Fluent~Collaborative & testsite are pleased to present testsite 15.3: Lenka Clayton & Veronica Roberts: TYPEWRITER DRAWINGS, an installation of works on paper by British-born, Pittsburgh-based artist Lenka Clayton. Curated by Veronica Roberts, this is Clayton’s first exhibition in Texas. The project opens on Sunday, October 11 with a public reception from 4 to 6pm, and a conversation between the artist and the curator at 4:30pm.

This intimate installation features approximately twenty-six drawings as well as one work on cloth. Since 2012 Lenka Clayton has been using a typewriter as a tool for drawing, and at the same time as an obstruction to drawing. Her ongoing series, Typewriter Drawings, misuses a machine designed to effortlessly accomplish one kind of task to achieve another for which it is quite unsuited. The drawings act as a diary of sorts, depicting objects or moments that happened over the course of a day, or that appeared as fleeting visions while the artist went about other quotidian tasks. Additionally, every November she and a collaborator—the writer and artist Michael Crowe—each make concurrent drawings on their typewriters (he in London, UK; she in Pittsburgh, USA). A selection of the artists’ paired drawings will be exhibited in the dining room at testsite during this presentation.
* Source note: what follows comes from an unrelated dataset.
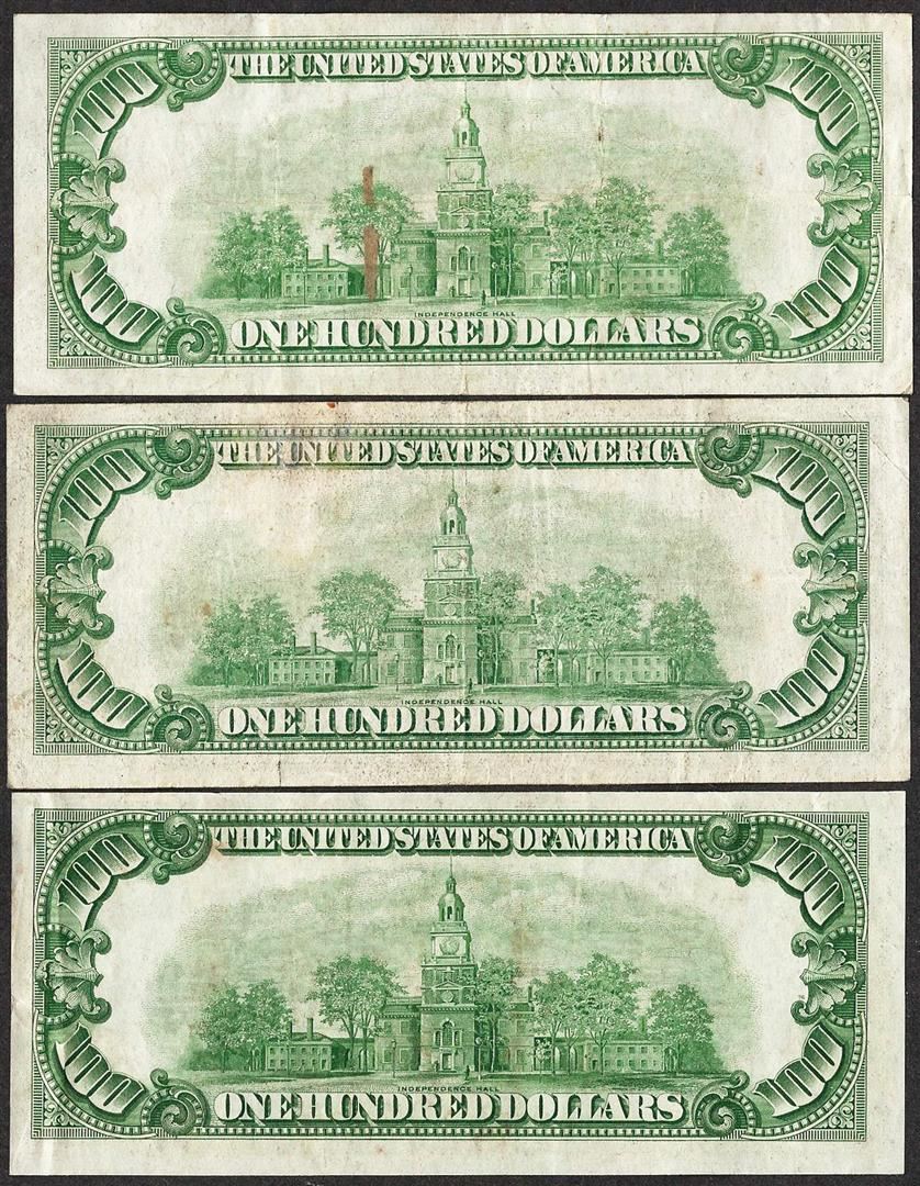 One Lot of (3) 1934 $100 Federal Reserve Notes San Francisco.

The presentation will also include Hand-Typed Polka-Dot Shirt, 2015. The button-down shirt—originally manufactured by an anonymous garment worker—was disassembled at the seams into twenty-one component parts and each piece run through a typewriter. The ‘period’ key was pressed over 20,000 times to create a polka-dot pattern, hand-typed directly onto the fabric. Once printed, the pieces were hand-sewn back together. At first glance, the pattern may appear industrially printed, yet on closer inspection mistakes can be glimpsed, such as an accidental “m” marking, or a misaligned row. Together, the typewriter drawings and shirt illuminate Clayton’s ability to find new and inventive ways to make art using very old tools.